I'm just curious to pick your brains: Whistler's going on 5 months and he's eating 5 cups a day (2 morning, 1 lunch and 2 at supper).. I think he could eat more if I put more on his plate! He's 40lbs right now (see pics)... Should I give him more??

He gets 3 days of daycare a week which tires in out completely and gets a good 2X 45 minutes/day on/off leash time on offdays from daycare..

Any thoughts?


----------



## lilyloo (Jun 20, 2012)

My goodness! What a hungry boy.
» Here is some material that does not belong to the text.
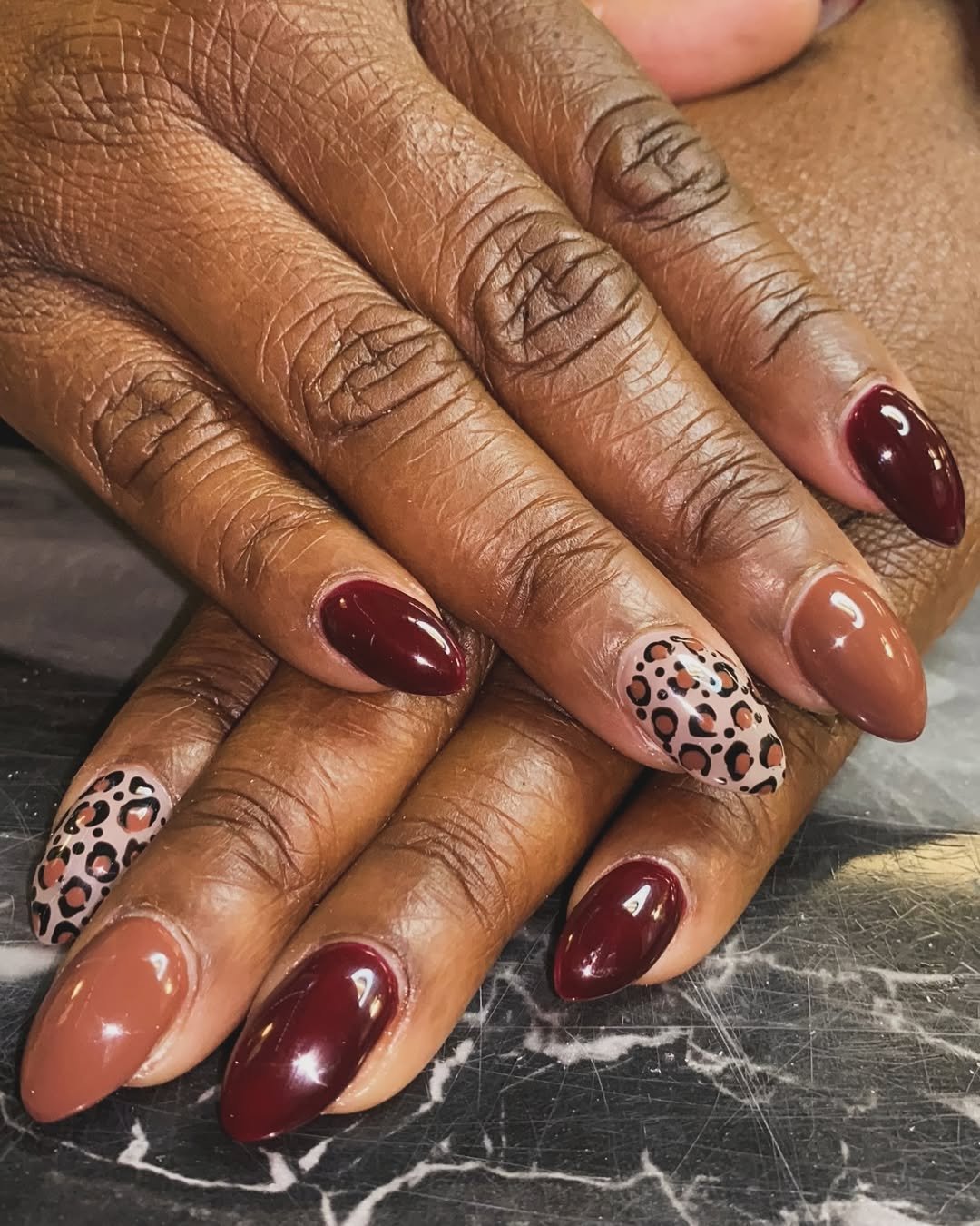 Deep burgundy, glossy neutrals, and a touch of leopard? Yes, yes, and yes again. This set is moody and elegant with just enough flair to keep it festive. It’s giving “grown and gathered,” like the nail version of a rich fall wine with dessert.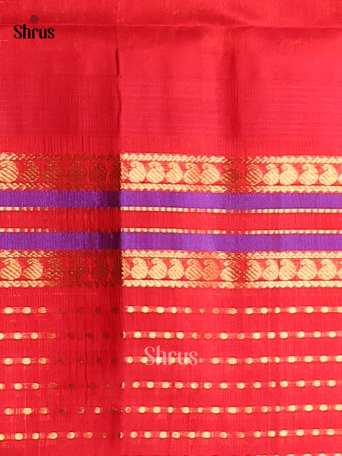 The contrast Red pallu is a stunning showcase of intricate zari brocade, adding a touch of opulence. Crafted from a comfortable blend of pure silk and breathable cotton, this Cotton Silk saree offers a graceful drape and a pleasant feel. The simple blouse with a zari border completes this refined ensemble. Perfect for various occasions, this saree embodies timeless elegance with a touch of vibrant contrast.

He doesn't look too thin to me, so I don't think you need to give him more than he's getting.

We've been giving Ruby (who is 22 weeks) 3 cups a day (1 cup 3x a day) since she was 10 or 11 weeks old, and we haven't needed to increase it at all. She's growing well and not too thin. You can see her ribs when she is lying down and when she's turned to the side, which is what I have read/been told Vizslas should be like. She's currently 32 pounds. She's a girl, so naturally smaller than a male.

Ruby always acts famished when we are preparing her food (whines, barks, yips and is really excited) and she eats it rather quickly, but she doesn't beg for food at any other time during the day ... so I don't think she feels hungry.

What kind of food are you feeding Whistler? That just seems like a ton of food for a 5 month old, active or not!


----------



## oliveJosh12 (Sep 10, 2012)

Very handsome boy!!


----------



## SteelCityDozer (Aug 25, 2011)

I think he looks like he'd getting plenty for now. Very cute too!


----------



## AcadianTornado (Jul 30, 2012)

Thanks guys!

He just eats and eats and eats! We have him on Hill's puppy for large dog that is sold exclusively at the vet's office. We just followed our vet's advice on the food... He seems to be taking it with stride but seeing as though he's our first pup, I don't have a real base to compare from..


----------